BOB MOON: Thirty three miners trapped a half-mile underground for nearly three weeks have not been told how much longer they'll likely be stuck. But government reports say the ordeal could last several months, challenging the health and safety of the miners. Gideon Long is the BBC's reporter in Chile and he visited the mine yesterday. This morning he joins us live to talk about how the mine collapse exposes the danger of the job. Good morning.

GIDEON LONG: Good morning there Bob.

MOON: Gideo, we know mining is a dangerous job. But are things any different in Chile, which is so dependent on mining for its economy.

LONG: Well, the short answer is no. Mining is obviously an intrinsically dangerous industry anywhere in the world. I would say, though, that Chile has a fairly good safety record in this area. It's a country which is steeped in mining tradition. It's absolutely essential to the economy. Mining accounts for over a half of Chile's export revenues. And this one country produces a third of all the copper in the world. And that means that they've got a long history of mining. Generally, safety standards around Chile's mines are very good. But it's a mixed picture. At the big mines, the safety standards tend to be good. But there are hundreds of smaller mines dotted around the country, where maybe things aren't quite so good.

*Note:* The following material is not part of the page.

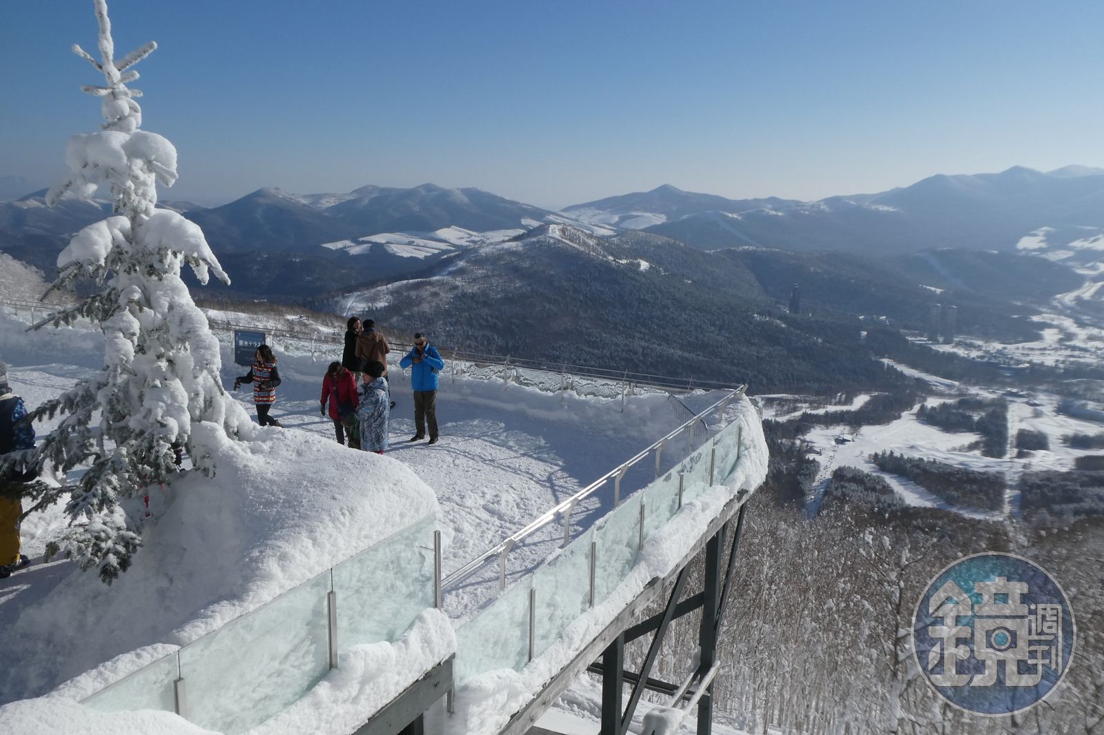 第一次去霧冰平台,天空飄著微雪,一片雪白的世界感覺很浪漫,沿著路線走到另一邊的圓形觀景台,由於造型獨特,又是另一種視覺感受,在此看著滑雪者奔馳、小朋友玩雪及一望無際的雪白美景,真有點捨不得搭纜車回到平地。

MOON: You visited the mine. Set the scene for us.

LONG: That's right. I was up at the mine yesterday. It's bustling with activity. We were allowed to get as far as the entrance. We can see in where they're starting this drilling operation to try and rescue the miners. And just down below there is a camp, which has been set up, where the relatives of the miners are basing themselves. They're living in tents. They've been there for over two weeks now. They've set up little shrines in the rocks, shrines to the miners down below with personal mementos, messages of goodwill from passersby and photographs of the miners as well. So it has a sense of permanence. The local authorities here have set up food so they have something to eat. It feels like they will be there for some time.

MOON: And how are they planning for keeping them safe, health and alive for months down the road here?

LONG: Well now they've established this bore hole, 700 meters through the rock, which allows them to drop food and water down to the miners. So they can now keep them alive. They've also dropped medical supplies down there and they've had some communication. They've managed to drop down a phone line down there and a camera, so they can see what's happening down there and they can speak to them. I think going forward from here, the key thing is going to be how they look after their psychological health, how they keep them sane, how they keep their spirits up. Interestingly, the Chilean government has been talking to NASA about this to get some information about how they train their astronauts. It's a slightly different situation because obviously astronauts know they are going up into space, they can prepare psychologically. These guys went into the mine thinking they'll be back in time for dinner. So it's different in that sense, but otherwise it's quite similar. These guys are going to be in isolation for months. So the Chilean government is talking to NASA to try and learn from NASA's experience with astronauts.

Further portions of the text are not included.